What Should You Do If This Happens on a Test?

If you encounter a situation like this on a test or in an assignment, here’s what I recommend:

  1. Double-Check Your Work: Just like we did, go through your steps again. It’s easy to make a small mistake, and a fresh look can help you catch it.
  2. Review the Question: Make sure you've copied the question correctly and haven't missed any details.
  3. If Still No Match, Choose the Closest Answer: If you’re confident in your solution but it doesn't match the options, pick the answer that's closest to your result. In this case, if 3 were not an option, we'd have a bit of a dilemma, but since it's definitively the correct answer, it highlights a potential issue with the provided choices.
  4. If Possible, Ask for Clarification: If you're in a classroom setting, raise your hand and politely ask your teacher if there might be a mistake in the options. It’s always better to clarify if you’re unsure.
  5. Show Your Work: When you submit your test or assignment, make sure to clearly show your steps. This way, even if the final answer doesn't match the options, the teacher can see your understanding of the process and may award partial credit.

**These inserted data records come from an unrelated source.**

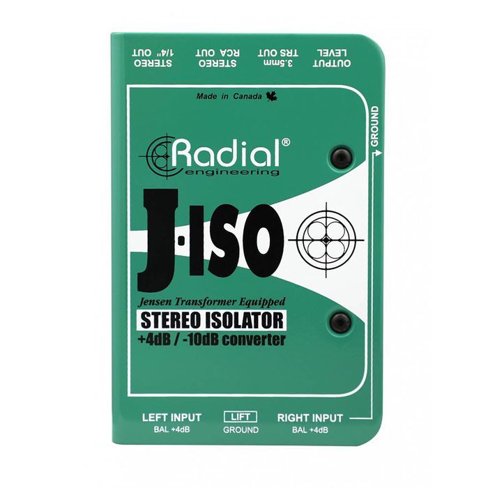 The Radial J-Iso™ and Pro-Iso™ are stereo line isolators designed to convert a professional +4dB line level balanced signal to an unbalanced -10dB consumer level device. This enables you to take the balanced output of a mixer and feed a consumer level recorder or audio input on a computer.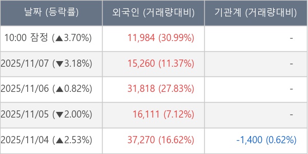 [표] 외국인ㆍ기관 순매매량 (단위 주)
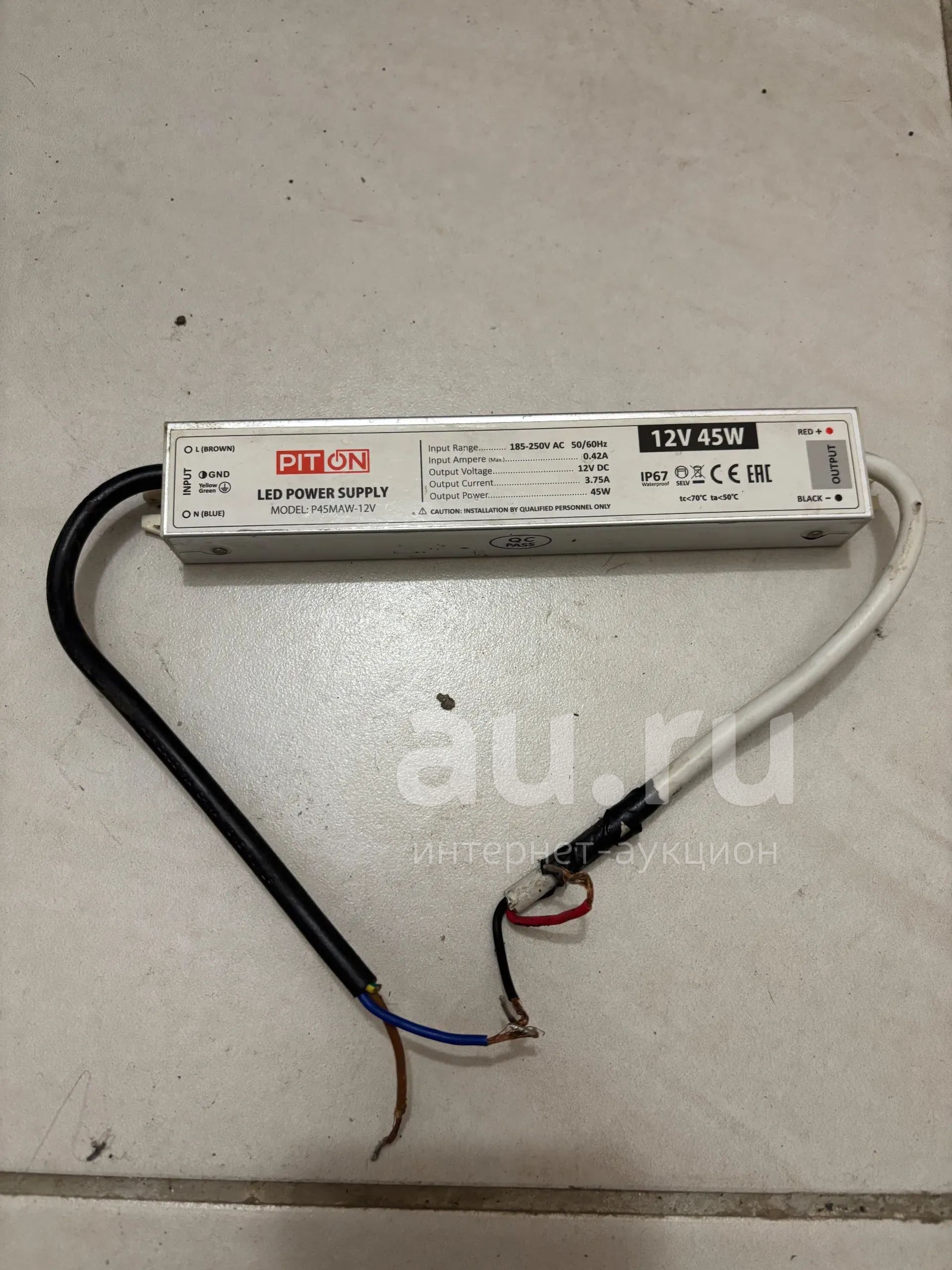 Блок питания для светодиодной ленты 12V 45W IP67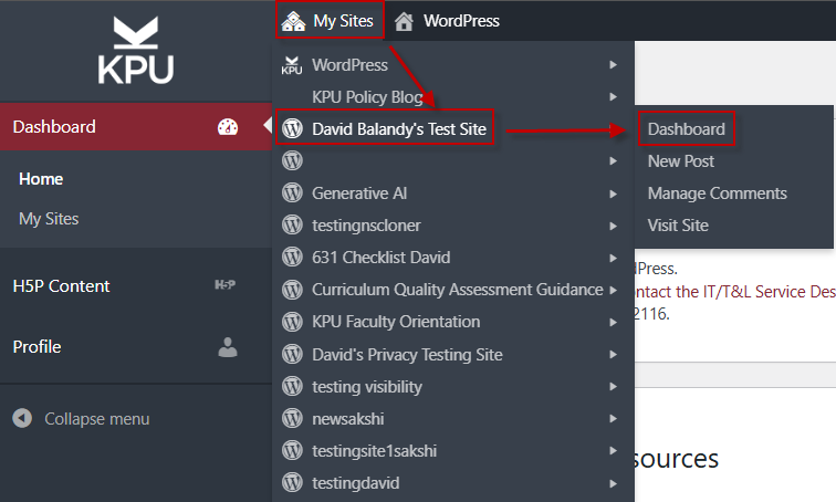 2. Click on My Sites in the upper left, then hover over one of your sites and click Dashboard.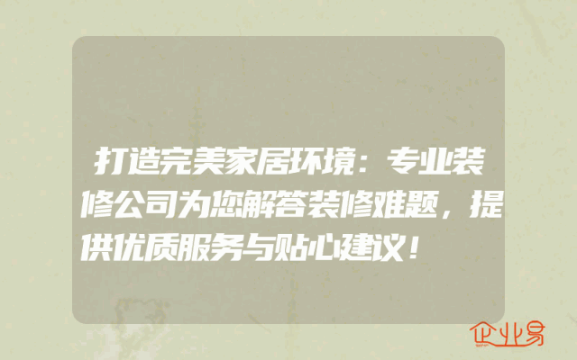 - 打造完美家居环境:专业装修公司为您解答装修难题,提供优质服务与贴心建议!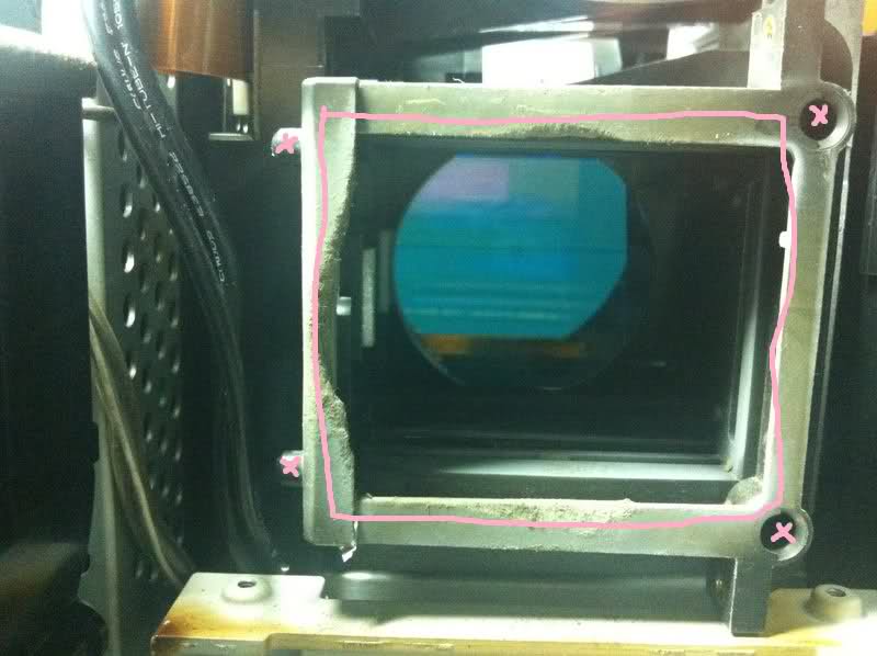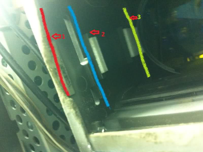 Στην κόκκινη γραμμή μπαίνει το πρώτο φίλτρο ,στην μπλε το δεύτερο και στην κίτρινη τα τελευταία δύο. Στο ροζ πλαίσιο στηρίζεται και βιδώνει μια πλαστική βάση ,αρκετά μεγάλη σε όγκο,αφού μέσα της πάει και κουμπώνει η λάμπα.για να καταλαβω...το 1ο φιλτρο τοποθετειται στην εσοχη 1(κοκκινη γραμμη) και τα υπολοιπα 2 στις αντιστοιχες μπλε και πρασινη γραμμες?..μεχρι ποιο σημειο θα μπορουσες θεωρητικα να αφαιρεσης-κοψεις το πλαστικο?

In our case, since we’ve meticulously followed PEMDAS, we are confident in our result of 3. This situation underscores the importance of understanding the process and not just memorizing answers. Math isn't just about getting the right answer; it's about the journey and the logical steps you take to get there. Keep practicing, and you’ll become a math whiz in no time!